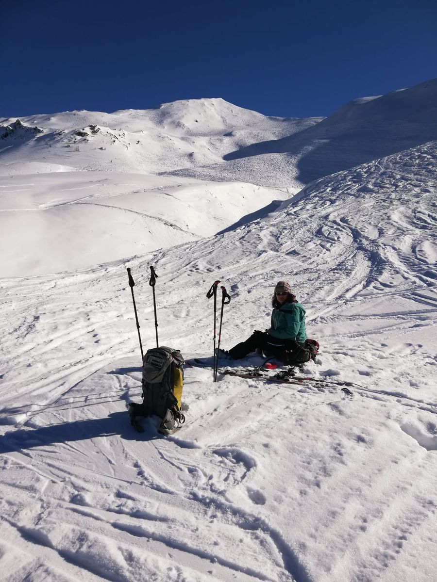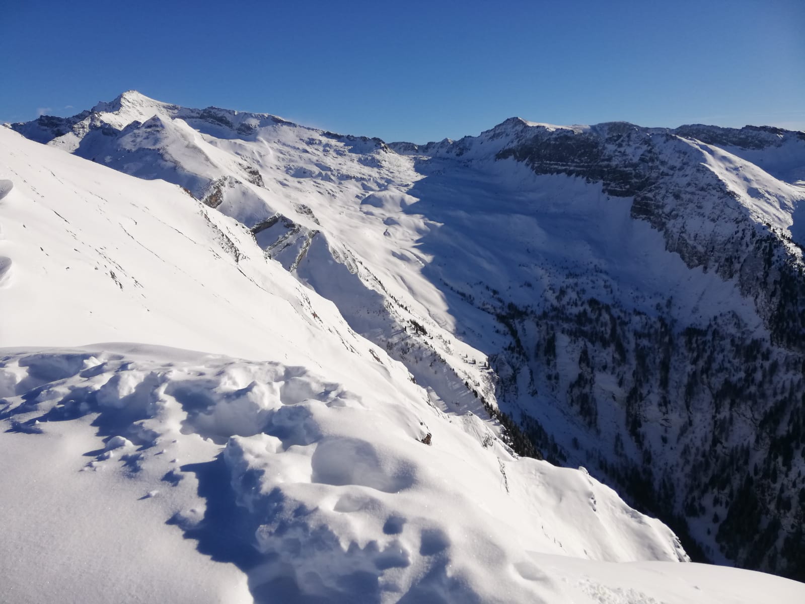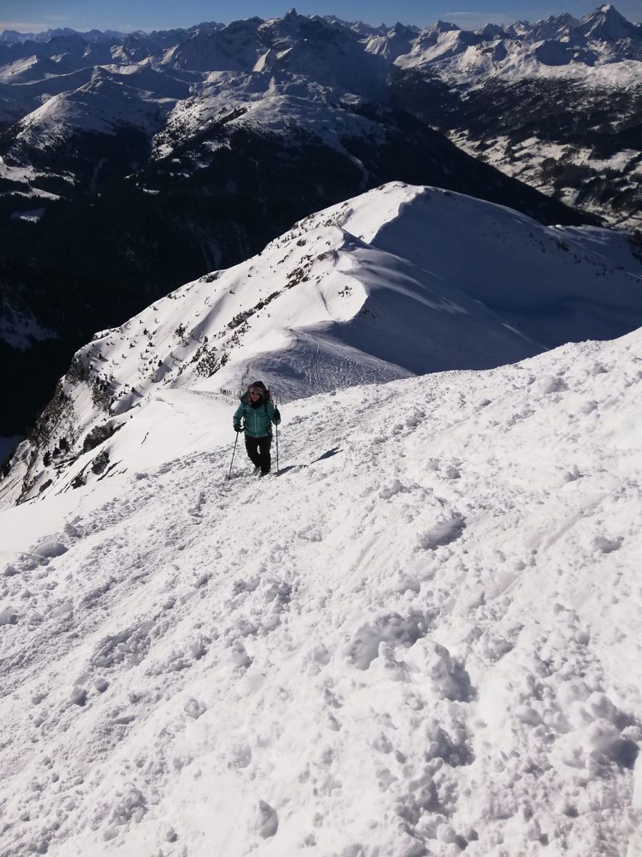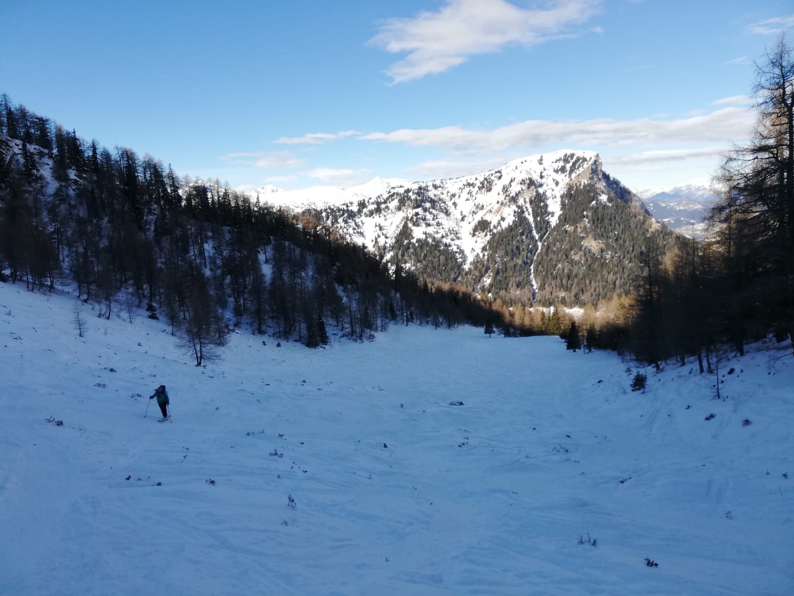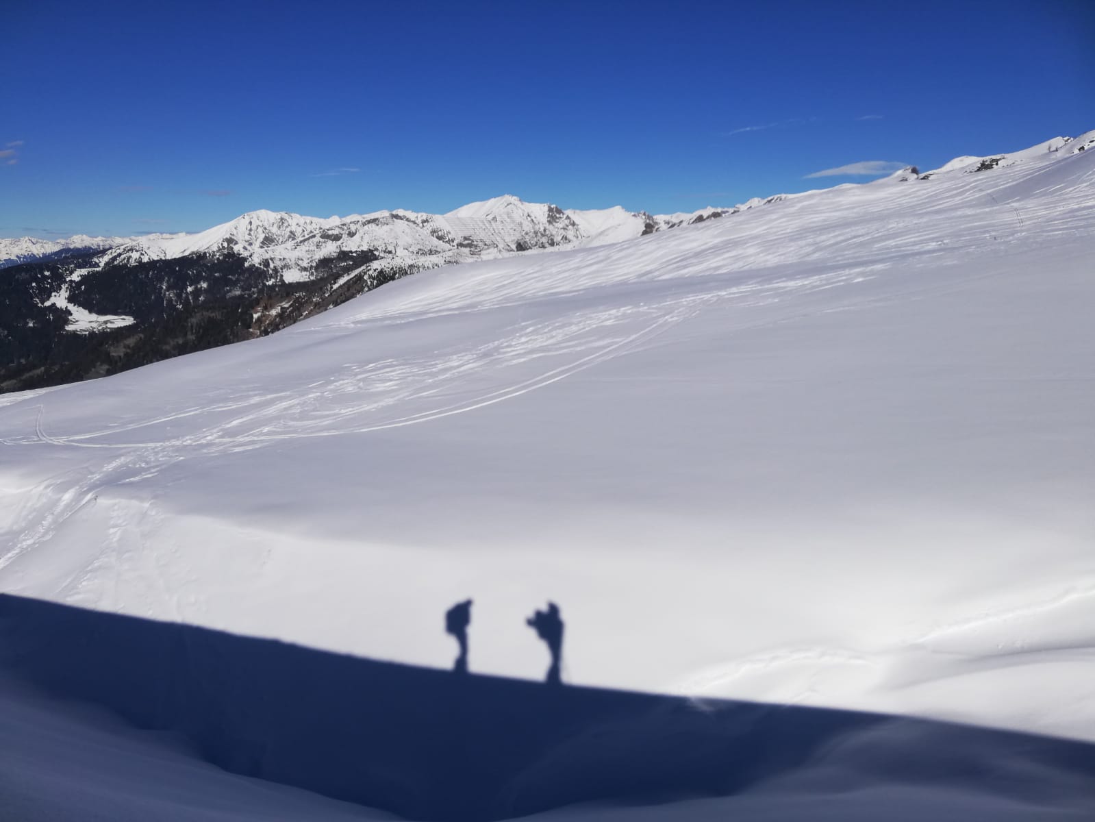 Heute vom Auto weg über 800Hm hindernislose Hänge auf die Vennspitze. Zunächst auf breiter Waldschneisen, später freie Hänge, die zwar aufgrund des Wochenendruns schon ziemlich zerfahren waren, aber noch ein bisschen Platz für neue Spuren im Pulverschnee ließen. Insgesamt ausreichend Schnee, unterhalb der Waldgrenze schaut aber überall das Gras durch. Hier ist es auch pistenmäßig eingefahren.
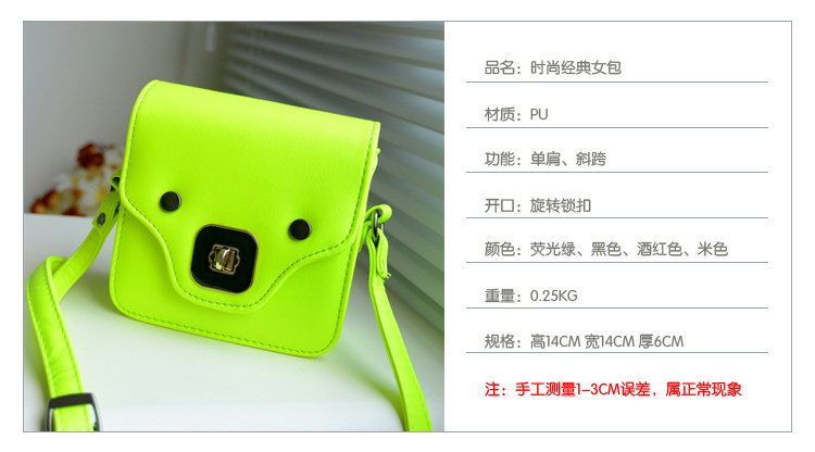 批發女包2013新款韓版熒光色轉鎖雙層手拿包糖果色單肩斜挎小包包
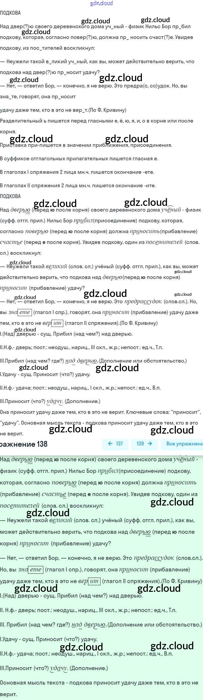 Ответ на задание 138 Рабочая тетрадь Русский язык за 6 (шестой) класс Янченко, Латфуллина, Скугаревская 2022
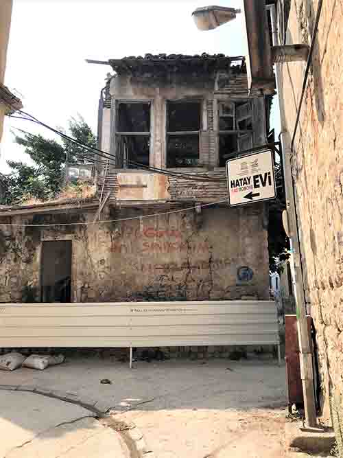 Tam da bu noktada, 19 Mart 2019’da açılan Hatay Gastronomi Evi ile başlayalım. Açıldığı günden bugüne oldukça mesafe kat eden Gastronomi Evi, 600 çeşit yemeğin Hatay coğrafyasında durma avantajı ile ilerliyor. Bünyesinde sık sık gerçekleştirdiği etkinliklerle de adını gündemde tutmaya çalışıyor. Ancak Gastronomi Evi’ne giden yolun üzerindeki eski yapıların bakımsızlığı eleştiri konusu oluyor. Bugün fotoğrafladığımız bir yön tabelası buna dair. Tabela, Hatay Gastronomi Evi’ne gidecek yönü işaretlerken, arka plandaki yarı yıkılmış eski bir Antakya evi, kent hikâyesinin yok olan hikâyeleri adına kötü bir örnek sunuyor.
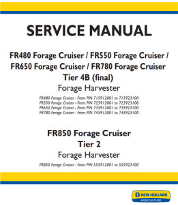 New Holland FR480 Forage Cruiser / FR550 Forage Cruiser / FR650 Forage Cruiser / FR780 Forage Cruiser Tier 4B (final), FR850 Forage Cruiser Tier 2 Forage Harvester Service Repair Manual

Goal of the exercise
Since only the text is needed, retype the data above exactly and omit the pictures.

Completed exercise
 Heute vom Auto weg über 800Hm hindernislose Hänge auf die Vennspitze. Zunächst auf breiter Waldschneisen, später freie Hänge, die zwar aufgrund des Wochenendruns schon ziemlich zerfahren waren, aber noch ein bisschen Platz für neue Spuren im Pulverschnee ließen. Insgesamt ausreichend Schnee, unterhalb der Waldgrenze schaut aber überall das Gras durch. Hier ist es auch pistenmäßig eingefahren.
 批發女包2013新款韓版熒光色轉鎖雙層手拿包糖果色單肩斜挎小包包
 Ответ на задание 138 Рабочая тетрадь Русский язык за 6 (шестой) класс Янченко, Латфуллина, Скугаревская 2022
 Tam da bu noktada, 19 Mart 2019’da açılan Hatay Gastronomi Evi ile başlayalım. Açıldığı günden bugüne oldukça mesafe kat eden Gastronomi Evi, 600 çeşit yemeğin Hatay coğrafyasında durma avantajı ile ilerliyor. Bünyesinde sık sık gerçekleştirdiği etkinliklerle de adını gündemde tutmaya çalışıyor. Ancak Gastronomi Evi’ne giden yolun üzerindeki eski yapıların bakımsızlığı eleştiri konusu oluyor. Bugün fotoğrafladığımız bir yön tabelası buna dair. Tabela, Hatay Gastronomi Evi’ne gidecek yönü işaretlerken, arka plandaki yarı yıkılmış eski bir Antakya evi, kent hikâyesinin yok olan hikâyeleri adına kötü bir örnek sunuyor.
 New Holland FR480 Forage Cruiser / FR550 Forage Cruiser / FR650 Forage Cruiser / FR780 Forage Cruiser Tier 4B (final), FR850 Forage Cruiser Tier 2 Forage Harvester Service Repair Manual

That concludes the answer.